● WHAT TO DO:
Only the lines from the start of the data through the line with "およそ50のブースが並び" belong in the copy. Restate them word for word, minus the pictures.

● SUPPLIED RECORDS:
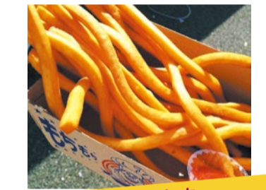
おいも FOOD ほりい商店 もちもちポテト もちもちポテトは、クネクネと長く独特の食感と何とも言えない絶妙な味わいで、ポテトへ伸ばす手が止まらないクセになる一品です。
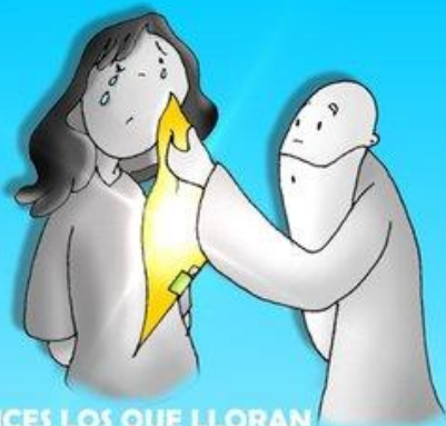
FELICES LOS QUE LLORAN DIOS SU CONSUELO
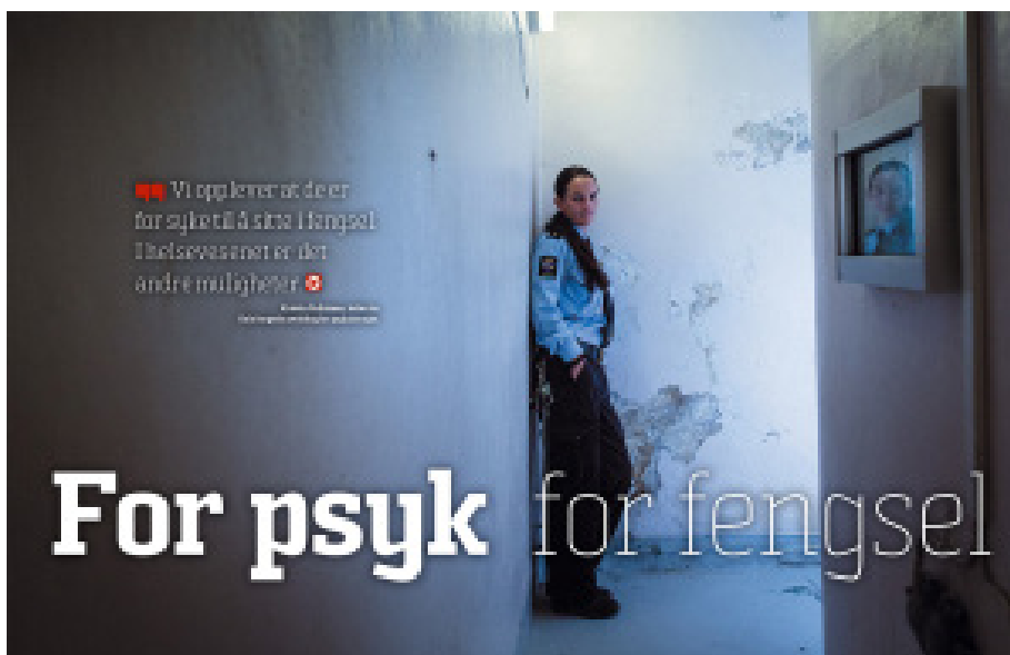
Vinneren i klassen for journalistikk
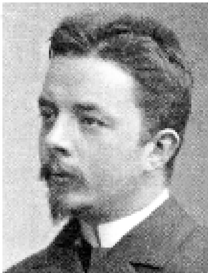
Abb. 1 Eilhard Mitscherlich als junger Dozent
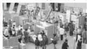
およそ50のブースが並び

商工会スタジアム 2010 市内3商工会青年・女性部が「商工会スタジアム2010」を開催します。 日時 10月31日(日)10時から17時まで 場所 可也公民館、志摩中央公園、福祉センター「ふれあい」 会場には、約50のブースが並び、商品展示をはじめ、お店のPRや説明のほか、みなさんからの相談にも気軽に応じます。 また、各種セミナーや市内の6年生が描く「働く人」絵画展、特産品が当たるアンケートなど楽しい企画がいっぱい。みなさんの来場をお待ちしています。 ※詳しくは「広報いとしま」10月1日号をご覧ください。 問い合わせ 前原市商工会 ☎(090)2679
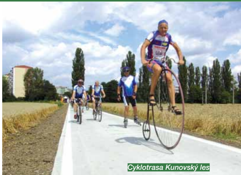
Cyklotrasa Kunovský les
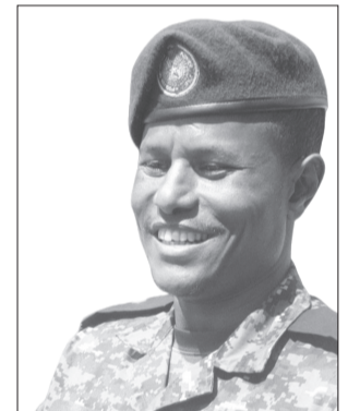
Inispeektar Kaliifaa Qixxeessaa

● TASK RESULT:
おいも FOOD ほりい商店 もちもちポテト もちもちポテトは、クネクネと長く独特の食感と何とも言えない絶妙な味わいで、ポテトへ伸ばす手が止まらないクセになる一品です。
FELICES LOS QUE LLORAN DIOS SU CONSUELO
Vinneren i klassen for journalistikk
Abb. 1 Eilhard Mitscherlich als junger Dozent
およそ50のブースが並び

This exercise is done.